Segment Start: Data

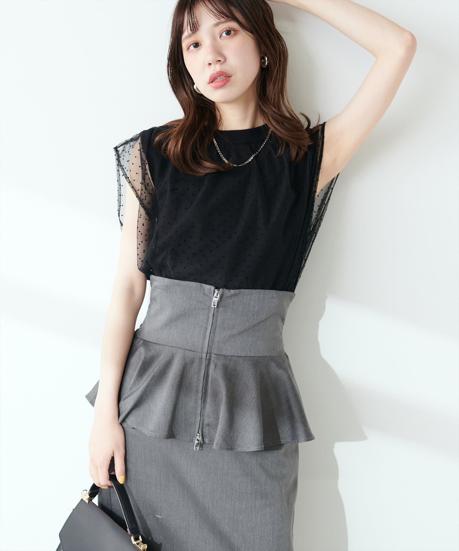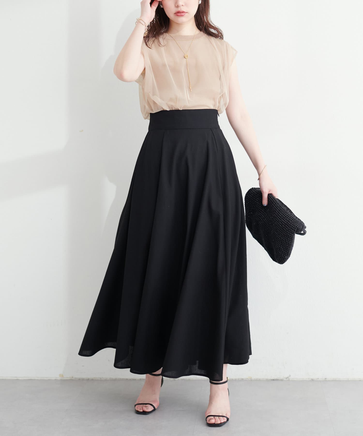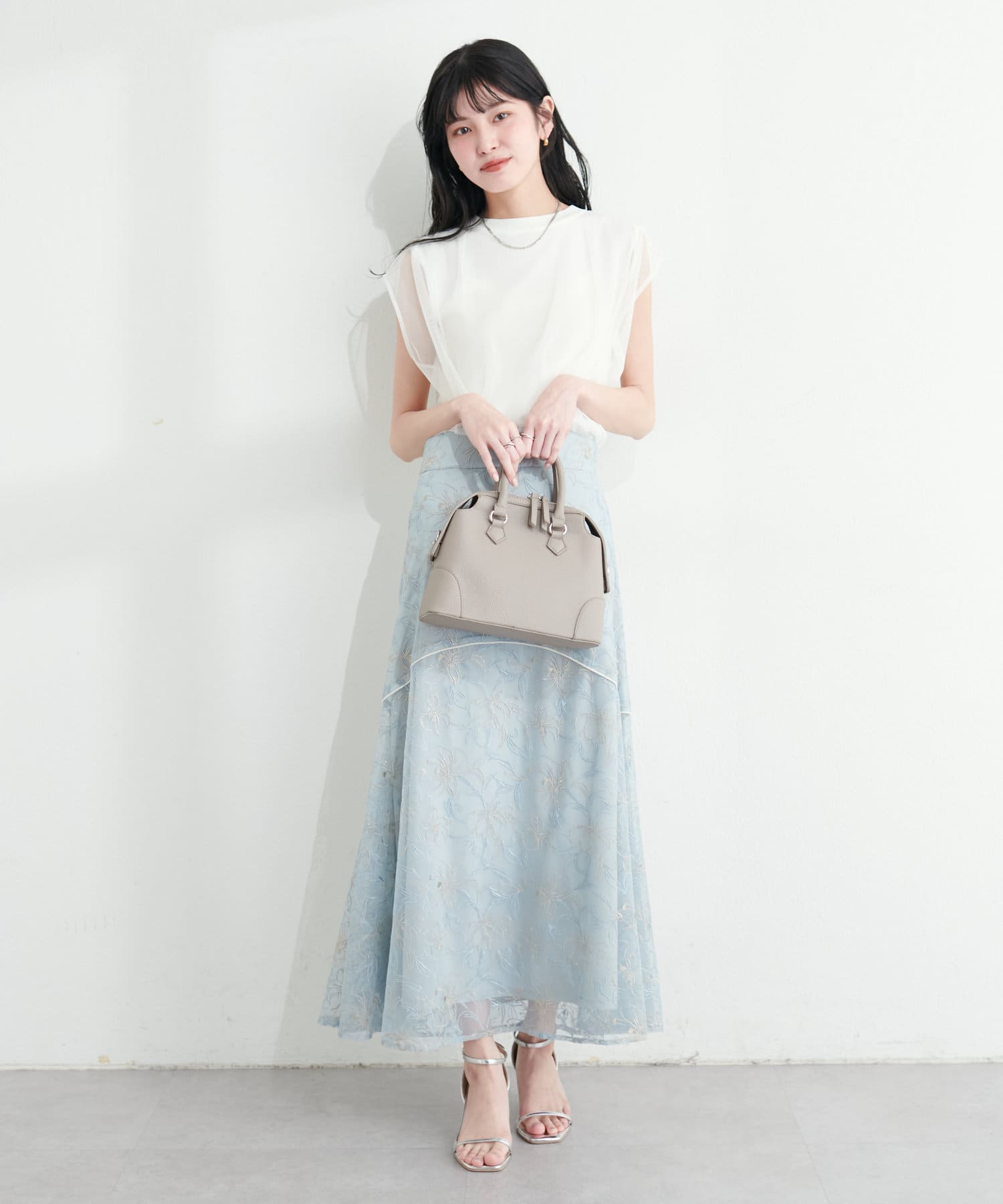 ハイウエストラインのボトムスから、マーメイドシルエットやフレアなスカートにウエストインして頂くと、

Segment End: Data
Segment Start: Data

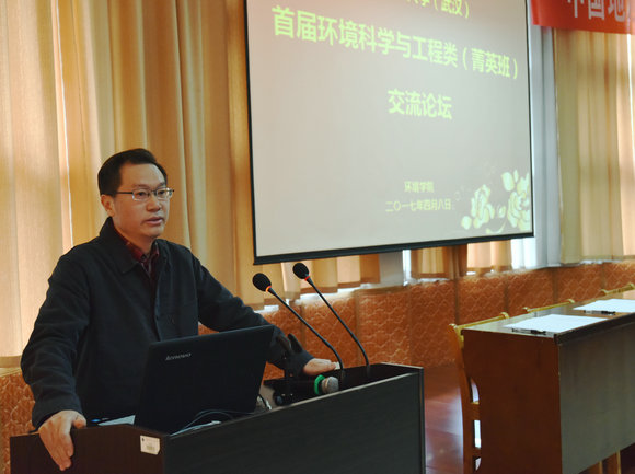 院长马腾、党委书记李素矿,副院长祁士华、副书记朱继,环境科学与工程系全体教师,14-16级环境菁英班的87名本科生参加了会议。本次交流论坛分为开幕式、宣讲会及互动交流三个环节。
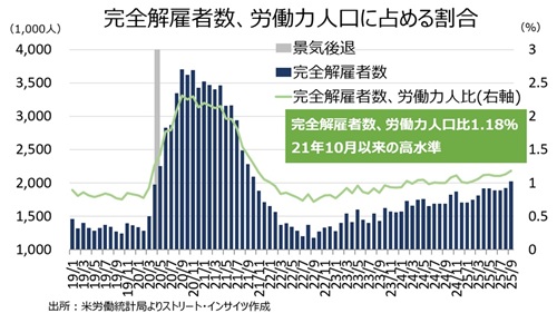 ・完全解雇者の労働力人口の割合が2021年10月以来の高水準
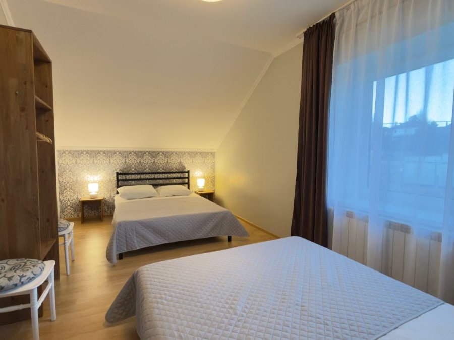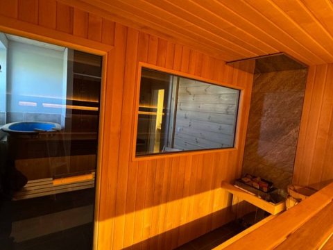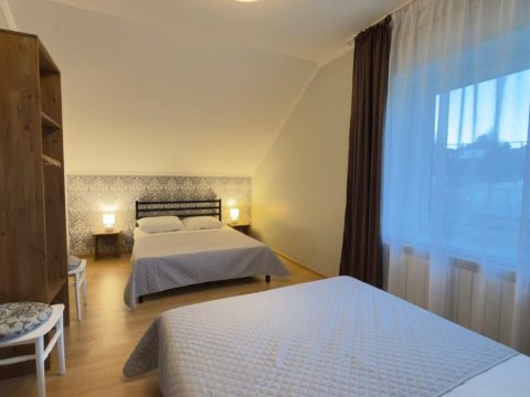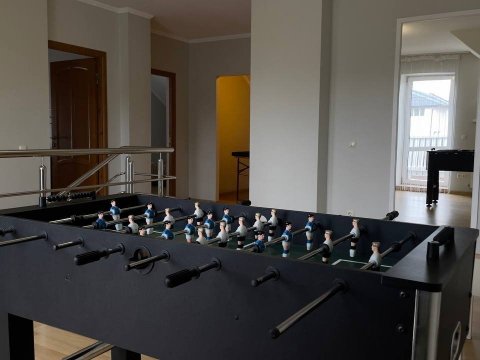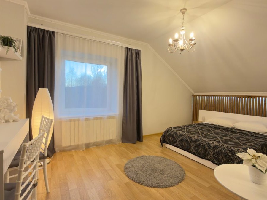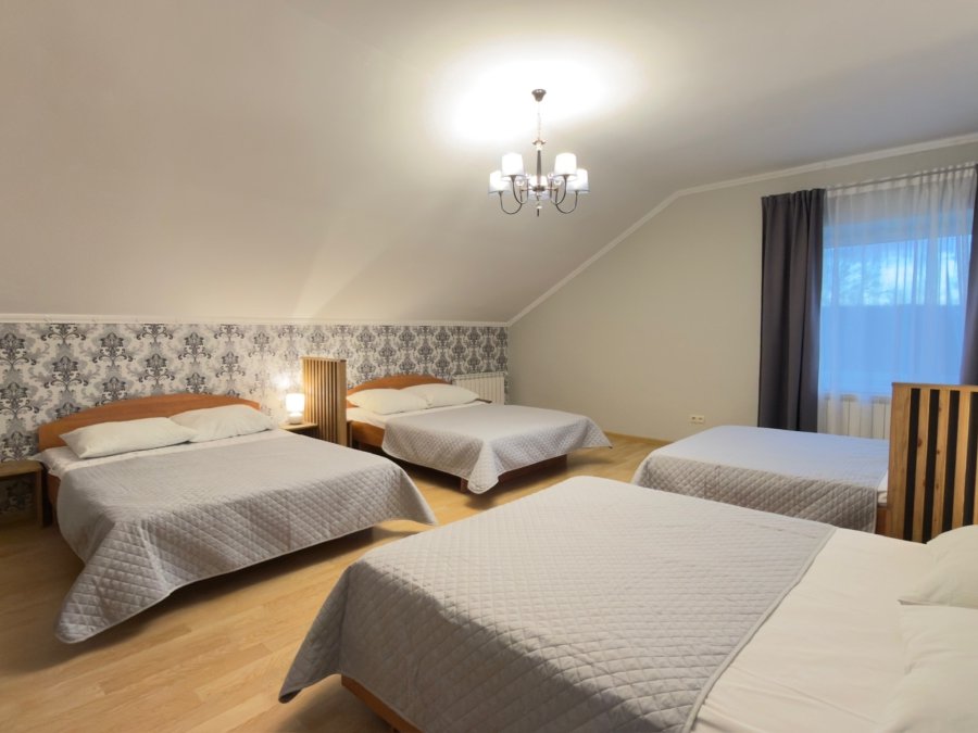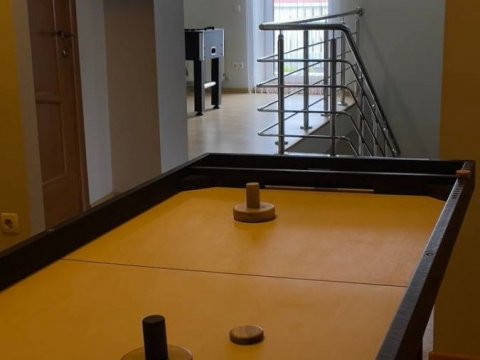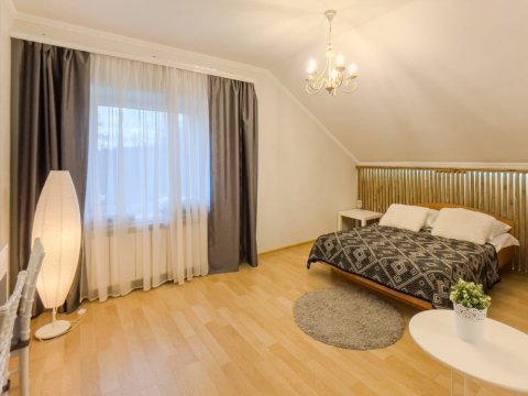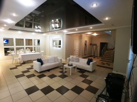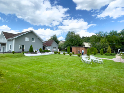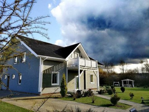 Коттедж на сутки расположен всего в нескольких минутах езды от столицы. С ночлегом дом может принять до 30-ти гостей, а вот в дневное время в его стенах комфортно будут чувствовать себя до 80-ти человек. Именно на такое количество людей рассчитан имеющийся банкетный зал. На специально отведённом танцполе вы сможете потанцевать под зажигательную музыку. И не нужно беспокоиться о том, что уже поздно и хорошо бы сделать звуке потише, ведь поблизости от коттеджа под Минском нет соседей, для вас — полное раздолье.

Segment End: Data

**Problem requirements:**
Above, find the line holding "院长马腾、党委书记李素矿,副" and the line holding "Коттедж на сутки". Print exactly those two lines and every line between them, but no pictures.

**Written solution:**
 院长马腾、党委书记李素矿,副院长祁士华、副书记朱继,环境科学与工程系全体教师,14-16级环境菁英班的87名本科生参加了会议。本次交流论坛分为开幕式、宣讲会及互动交流三个环节。
 ・完全解雇者の労働力人口の割合が2021年10月以来の高水準
 Коттедж на сутки расположен всего в нескольких минутах езды от столицы. С ночлегом дом может принять до 30-ти гостей, а вот в дневное время в его стенах комфортно будут чувствовать себя до 80-ти человек. Именно на такое количество людей рассчитан имеющийся банкетный зал. На специально отведённом танцполе вы сможете потанцевать под зажигательную музыку. И не нужно беспокоиться о том, что уже поздно и хорошо бы сделать звуке потише, ведь поблизости от коттеджа под Минском нет соседей, для вас — полное раздолье.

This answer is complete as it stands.